The Liberal government is taking steps toward promised changes to federal drug policy and looking at how to reduce opioid-related deaths during the pandemic.
Ottawa launched a national consultation on supervised-consumption sites this week, seeking comments from a variety of Canadians, including those who operate the sites and those who use them.
“The evidence shows us that supervised-consumption sites and services save lives and can provide people who use drugs with access to health and social services and treatment,” federal Health Minister Patty Hajdu said in a statement Thursday.
“As we see the COVID-19 outbreak worsening the situation for Canadians struggling with substance use disorders, it is more important than ever to ensure support is available. The feedback we are gathering from communities across Canada will help us to better understand how we can continue to help Canadians and save lives.”
The federal government also announced Thursday it was committing $582,000 in funding for a new Toronto project to offer a safe supply of opioids to reduce overdose deaths during the COVID-19 pandemic.
Health Canada also granted a federal exemption to a Toronto health-care centre to operate an overdose-prevention site at a COVID-19 isolation shelter until late September. This site will help people who use drugs to be in a monitored, safe environment while also allowing for proper physical-distancing and self-isolation measures, the government says.
These initiatives come in the wake of a concerning spike in opioid-related deaths since the pandemic began in Canada.
British Columbia registered a record number of monthly drug toxicity deaths in June after 175 people were killed by overdoses — the second consecutive month of record high overdose deaths. Overdoses also killed 201 people in Ontario in June, the highest number of drug-related deaths in a single month in that province.
Health and law enforcement officials across Canada are calling for more immediate actions by provincial and federal governments.
The Canadian Association of Chiefs of Police, B.C.’s provincial health officer, Dr.

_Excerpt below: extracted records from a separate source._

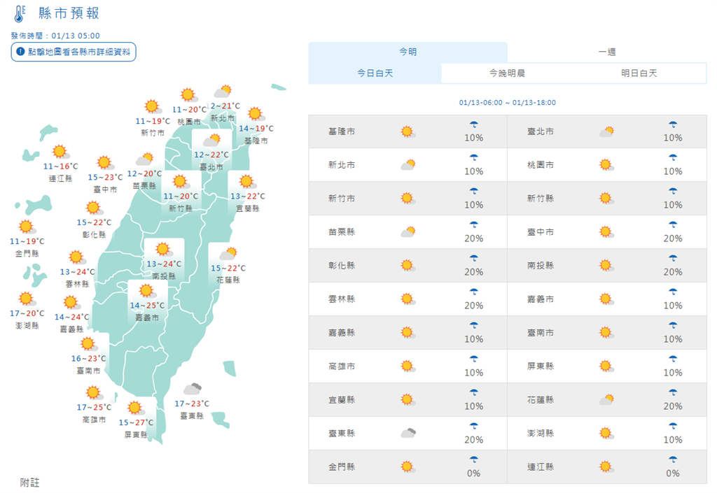 1/13全台天氣預報。圖/中央氣象署
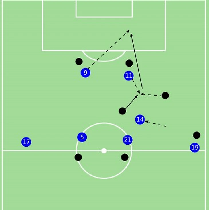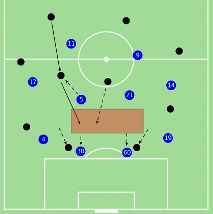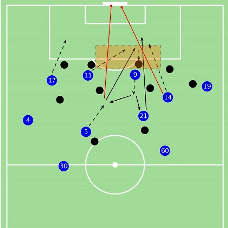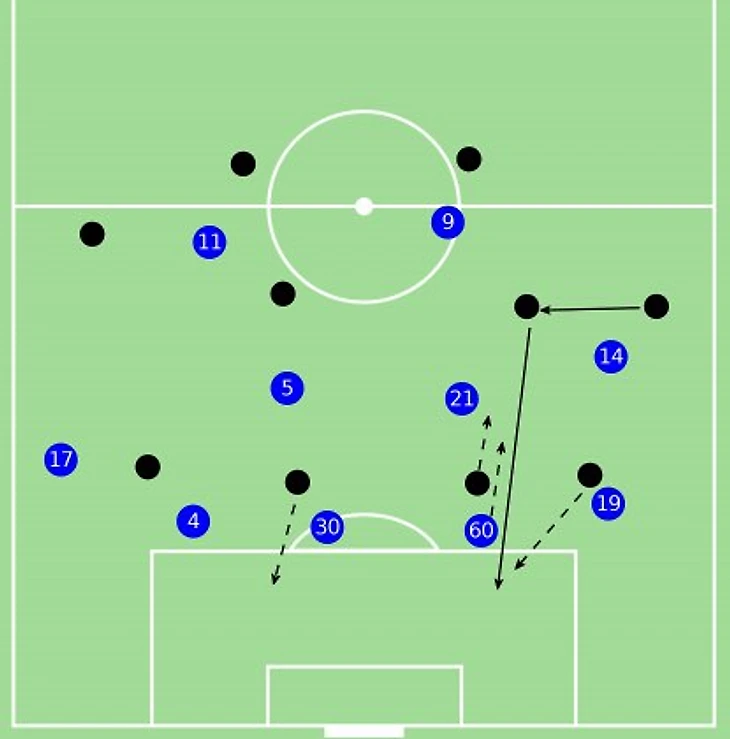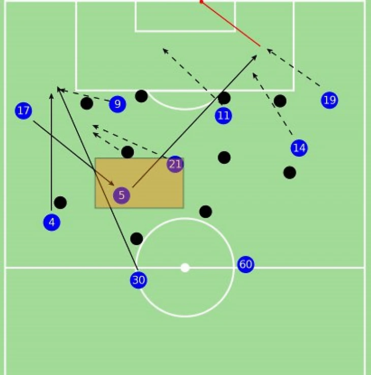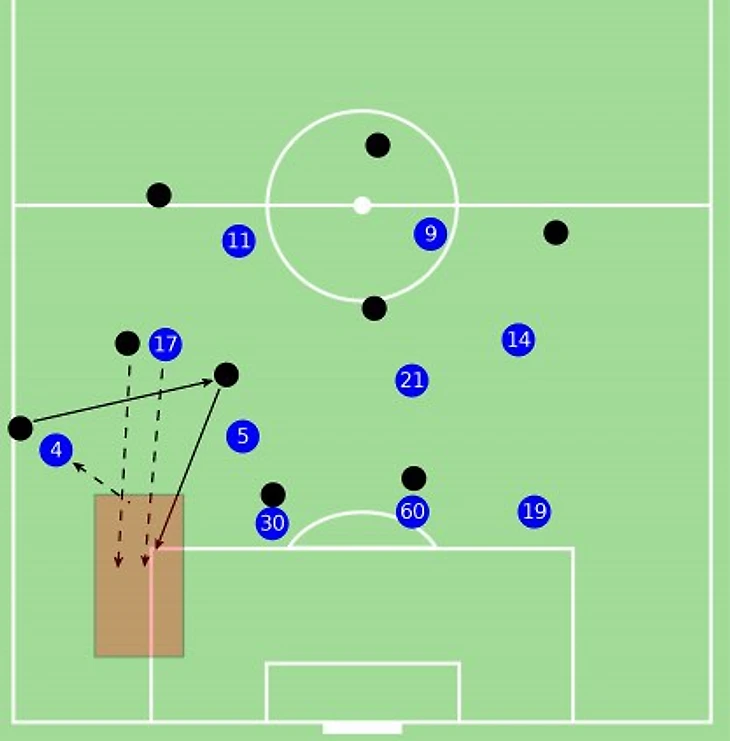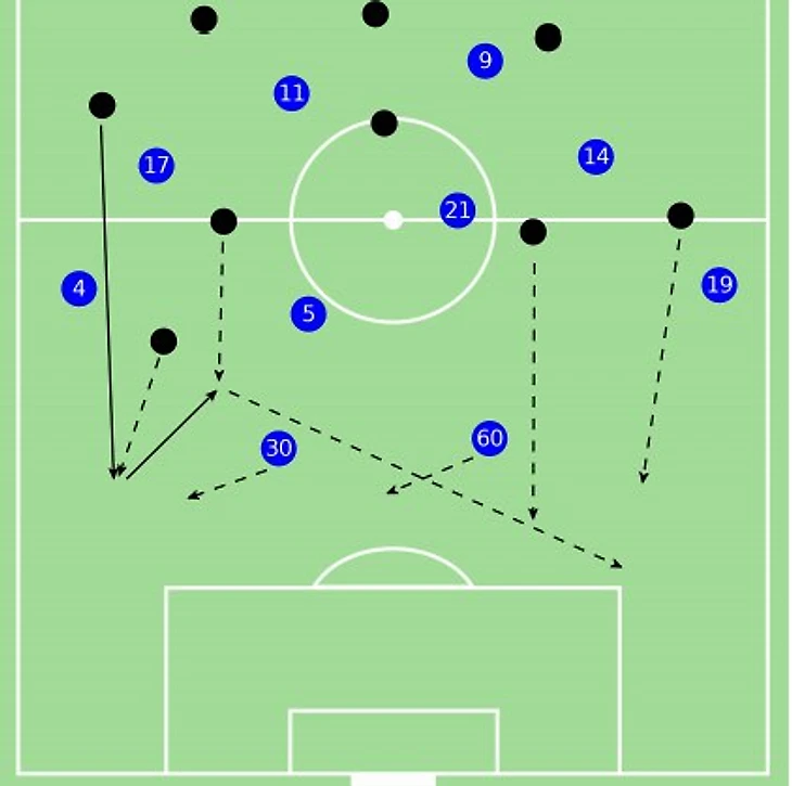 Высокая линия обороны создает возможности для передач за спину защитникам в контригре. Более уязвима оборона при адресации мяча в полуфланги. В зонах крайних защитников можно разыгрывать динамичные комбинации с выводом мяча за спину обороне. В позиционной защите у команды возникают сложности контроля пространства между линиями. Опорники уводятся на фланги, что позволяет отыгрывать их передачей. Защитники используют плотную персональную опеку. Перспективно акцентироваться на их уводах с позиции для создания горизонтальных разрывов и использовать создавшиеся каналы для резких врываний из глубины.
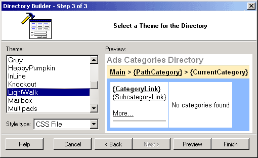 CodeCharge StudioThe Directory Builder allows you to build multi-level category trees. The Category List can be displayed in two or more columns. To begin the process of creating a Directory component, click on the Directory Builder option in Builders tab of the Toolbox.
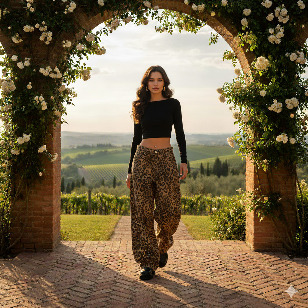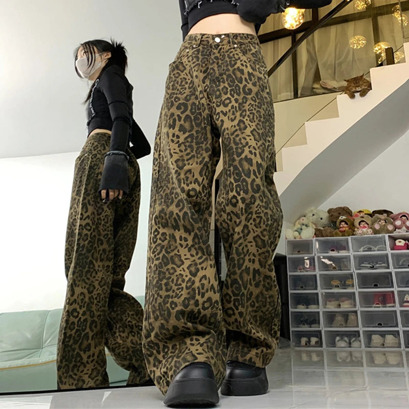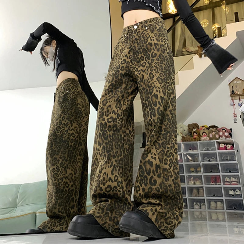 American Leopard Women Wide Leg Denim Pants High Street Spicy Girls Loose Straight Jeans Vintage High Waist Casual Long Trousers

Bonnie Henry and B.C. Premier John Horgan have called on the federal government to decriminalize hard drugs.
Donald MacPherson, director of the Canadian Drug Policy Coalition, said public health policies need to stop stigmatizing people with addictions.

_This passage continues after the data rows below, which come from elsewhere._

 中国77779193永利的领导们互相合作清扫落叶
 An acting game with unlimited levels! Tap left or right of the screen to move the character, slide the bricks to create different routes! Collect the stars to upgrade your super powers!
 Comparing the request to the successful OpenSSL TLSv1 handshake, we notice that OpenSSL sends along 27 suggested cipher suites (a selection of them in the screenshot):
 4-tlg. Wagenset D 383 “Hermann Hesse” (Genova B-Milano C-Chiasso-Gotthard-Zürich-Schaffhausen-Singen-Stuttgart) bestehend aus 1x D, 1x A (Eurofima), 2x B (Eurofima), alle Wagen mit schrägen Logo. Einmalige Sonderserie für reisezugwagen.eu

“With COVID-19 we’re trying to change people’s behaviour, we’re trying to get people to social distance and follow good public health guidelines. Well, decriminalization would be the same,” MacPherson explained.
“We’re trying to change the police’s behaviour, so that they become part of the team that helps people as opposed to putting fear into people who possess drugs and we’re trying to change the behaviour of people who possess drugs by saying, ‘Look, you’re not a criminal anymore. Come into health services. Let us know who you are and we’ll try and help.’”
Separately, federal prosecutors are now also being instructed to criminally prosecute only the most serious drug possession offences that raise public safety concerns and to find alternatives outside the criminal justice system for the rest, including simple possession cases.
That directive is contained in a new guideline issued by the director of public prosecutions, Kathleen Roussel, who is independent from the federal Justice Department.
In all instances, alternatives to prosecution should be considered if the possession offence involves a person enrolled in a drug treatment court program or an addiction treatment program supervised by a health professional, the guideline says.
The same applies in cases that involve a violation of bail conditions and can be addressed adequately by a judicial referral hearing, as well as cases where the offender’s conduct can be dealt with by an approved alternative measure, including Indigenous and non-Indigenous restorative justice responses.
Criminal prosecution for possession of a controlled substance “should generally be reserved for the most serious manifestations of the offence,’’ the guideline says.
The guideline outlines specific types of conduct that would generally warrant criminal prosecution, including: risks to the safety or well-being of children or youth; conduct that puts the health or safety of others at risk, such as driving while impaired, operating machinery or possessing a weapon and behaviour that breaches rules in a regulated setting’, such as prison.